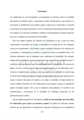 Conclusiones Los adolescentes de esta investigación, son depositarios de discursos sobre la sexualidad provenientes de distintos actores e instituciones sociales. Históricamente, estos discursos se han basado en prohibiciones para aquellos grupos sociales que no desarrollan su actividad sexual dentro de la esfera matrimonial. A esto, los adolescentes han generado diversas formas de resistencia a los discursos dominantes, mediante el cuestionamiento de algunos discursos que ya no se adaptan a sus expectativas ni necesidades. Para este trabajo, partimos del supuesto de investigación de que a pesar de existir condicionantes estructurales que limitan u obstaculizan la construcción de una ciudadanía sexual en los adolescentes, ellos tienden a generar estrategias alternativas de resistencia de sus prácticas y reinterpretan sus nociones y expectativas sobre su sexualidad frente a los discursos dominantes, que se configuran como condiciones de posibilidad. Sin embargo, aunque ellos no emprenden acciones colectivas para la construcción de ciudadanía sexual, sí modifican tanto sus discursos como sus significados sobre la sexualidad y su situación de género, lo cual se expresa como el indicio de ciudadanía relativa en los adolescentes, que a través de su subjetividad se constituye como una condición de posibilidad. Se encontró que las chicas entrevistadas se resisten a los discursos tradicionales sobre sus roles de género en la pareja, la toma de decisiones con respecto a su cuerpo y sexualidad y de igual manera los varones también cuestionan los roles tradicionales de las mujeres y apoyan la igualdad de género en algunos espacios. Por lo que el cuestionar ciertas prácticas y el cambio en las interpretaciones y percepciones de la sexualidad son estrategias subversivas de los adolescentes para el cambio. Ante la pregunta específica de investigación: ¿Cuáles son las estrategias que desarrollan los adolescentes para ejercer sus derechos sexuales? El análisis de entrevistas permite observar que los adolescentes no reproducen los discursos dominantes de la sexualidad de 123
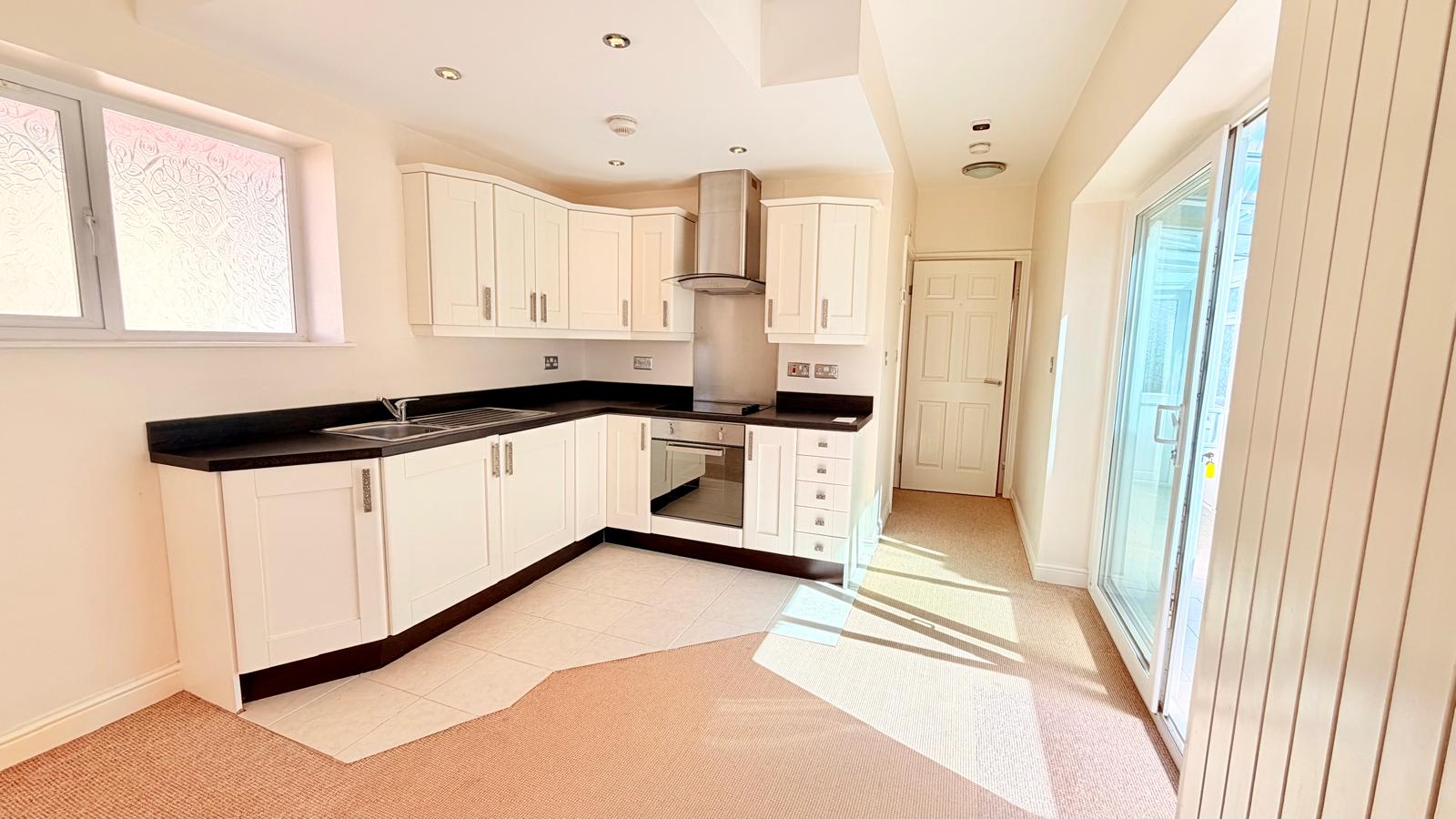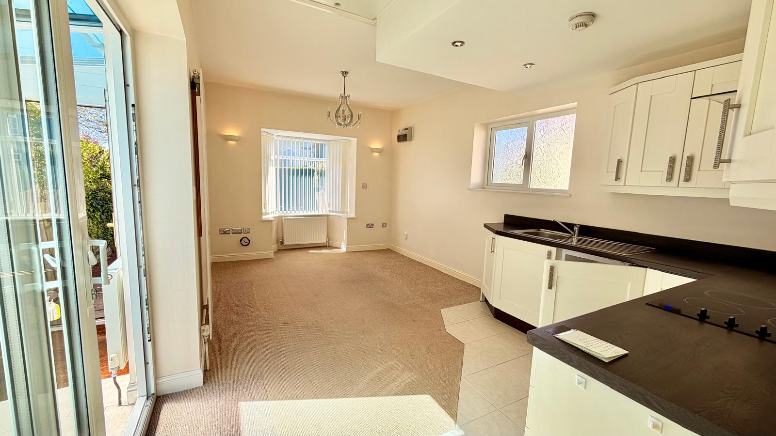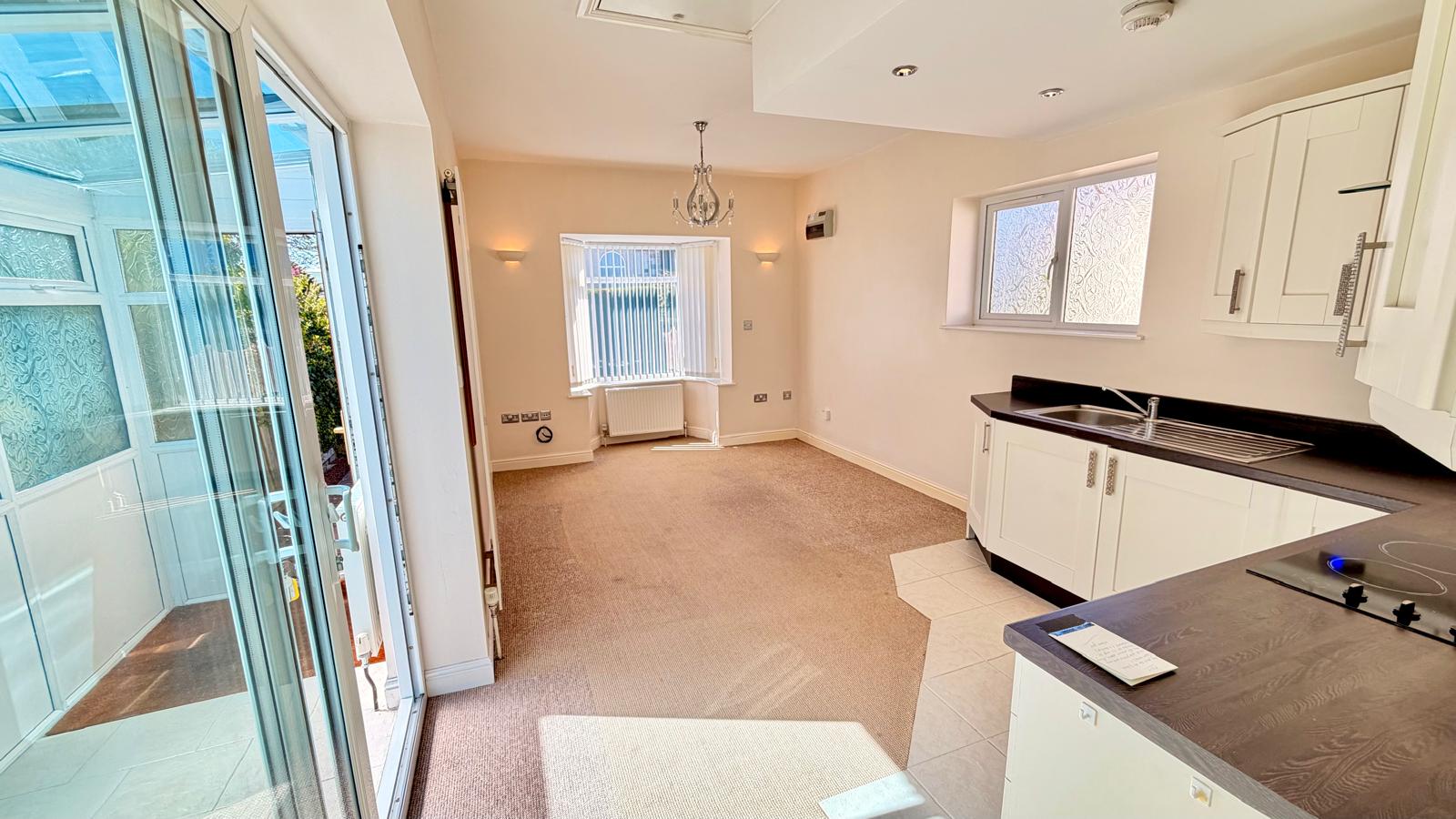 Fitted with a matching range of cream fronted wall and base units with laminate worktops, upstand, integrated fan assisted electric oven with four ring electric hob and overhead extractor hood, single drainer sink unit, a ceramic tiled floor, spot lighting and opaque window to side aspect. Double loft hatch with a retractable ladder leading to ample storage space, Double glazed patio doors to the side porch and access through to the inner hallway.
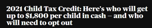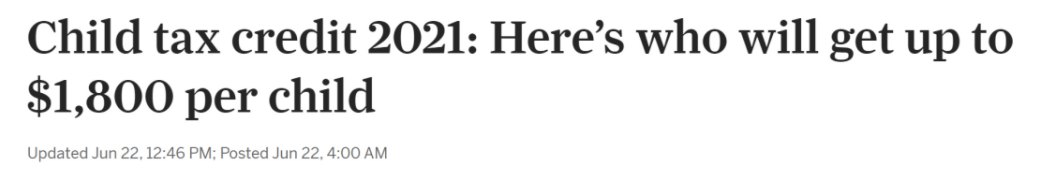 据悉,从7月15日起,全美约3600万个家庭将开始收到来自美国国税局IRS的支票。符合条件的家庭将在今年12月前获得最多$1800美元/每个儿童的补贴(全年是$3600,半年$1800)。
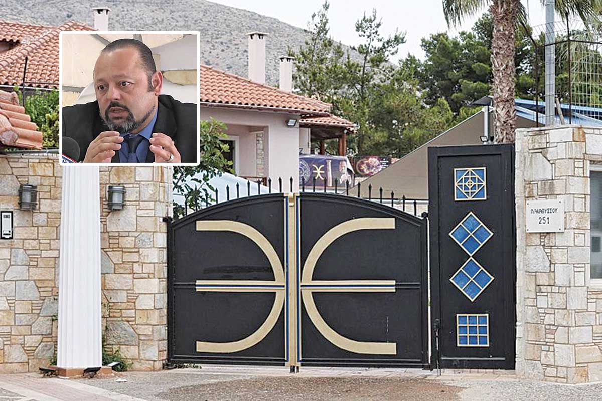 Η κεντρική είσοδος της βίλας με σύμβολα και το πανό του Αρτέμη Σώρρα στο μπαλκόνι
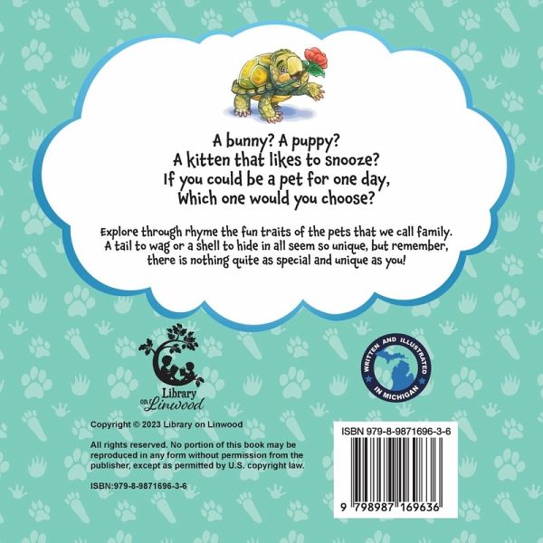A bunny? A puppy? A kitten that likes to snooze? If you could be a pet for one day, Which one would you choose? Explore through rhyme the fun traits of the pets that we call family. A tail to wag or a shell to hide in all seem so unique, but remember, there is nothing quite as special and unique as you! Do you know a young animal lover who is ready to continue their literature journey? This book will surely be a hit! Geared toward preschool and elementary age children, this uplifting short rhyming story and vibrantly illustrated book will captivate children of all ages while strengthening key reading skills. This book is made of the best quality board book, allowing our young readers to fully enjoy their journey through literature. Our books feature: rounded corners for safety matte lamination for durability lightweight for transportation colorful illustrations for engagement rhyming words for phonemic fluency thick pages for the dexterity of our young readers.
***
--- DESCRIPTION OF THE TASK ---
Verbatim copy without images: write the records above out in full.

--- FINISHED EXERCISE ---
 Conclusiones Los adolescentes de esta investigación, son depositarios de discursos sobre la sexualidad provenientes de distintos actores e instituciones sociales. Históricamente, estos discursos se han basado en prohibiciones para aquellos grupos sociales que no desarrollan su actividad sexual dentro de la esfera matrimonial. A esto, los adolescentes han generado diversas formas de resistencia a los discursos dominantes, mediante el cuestionamiento de algunos discursos que ya no se adaptan a sus expectativas ni necesidades. Para este trabajo, partimos del supuesto de investigación de que a pesar de existir condicionantes estructurales que limitan u obstaculizan la construcción de una ciudadanía sexual en los adolescentes, ellos tienden a generar estrategias alternativas de resistencia de sus prácticas y reinterpretan sus nociones y expectativas sobre su sexualidad frente a los discursos dominantes, que se configuran como condiciones de posibilidad. Sin embargo, aunque ellos no emprenden acciones colectivas para la construcción de ciudadanía sexual, sí modifican tanto sus discursos como sus significados sobre la sexualidad y su situación de género, lo cual se expresa como el indicio de ciudadanía relativa en los adolescentes, que a través de su subjetividad se constituye como una condición de posibilidad. Se encontró que las chicas entrevistadas se resisten a los discursos tradicionales sobre sus roles de género en la pareja, la toma de decisiones con respecto a su cuerpo y sexualidad y de igual manera los varones también cuestionan los roles tradicionales de las mujeres y apoyan la igualdad de género en algunos espacios. Por lo que el cuestionar ciertas prácticas y el cambio en las interpretaciones y percepciones de la sexualidad son estrategias subversivas de los adolescentes para el cambio. Ante la pregunta específica de investigación: ¿Cuáles son las estrategias que desarrollan los adolescentes para ejercer sus derechos sexuales? El análisis de entrevistas permite observar que los adolescentes no reproducen los discursos dominantes de la sexualidad de 123
 Fitted with a matching range of cream fronted wall and base units with laminate worktops, upstand, integrated fan assisted electric oven with four ring electric hob and overhead extractor hood, single drainer sink unit, a ceramic tiled floor, spot lighting and opaque window to side aspect. Double loft hatch with a retractable ladder leading to ample storage space, Double glazed patio doors to the side porch and access through to the inner hallway.
 据悉,从7月15日起,全美约3600万个家庭将开始收到来自美国国税局IRS的支票。符合条件的家庭将在今年12月前获得最多$1800美元/每个儿童的补贴(全年是$3600,半年$1800)。
 Η κεντρική είσοδος της βίλας με σύμβολα και το πανό του Αρτέμη Σώρρα στο μπαλκόνι
A bunny? A puppy? A kitten that likes to snooze? If you could be a pet for one day, Which one would you choose? Explore through rhyme the fun traits of the pets that we call family. A tail to wag or a shell to hide in all seem so unique, but remember, there is nothing quite as special and unique as you! Do you know a young animal lover who is ready to continue their literature journey? This book will surely be a hit! Geared toward preschool and elementary age children, this uplifting short rhyming story and vibrantly illustrated book will captivate children of all ages while strengthening key reading skills. This book is made of the best quality board book, allowing our young readers to fully enjoy their journey through literature. Our books feature: rounded corners for safety matte lamination for durability lightweight for transportation colorful illustrations for engagement rhyming words for phonemic fluency thick pages for the dexterity of our young readers.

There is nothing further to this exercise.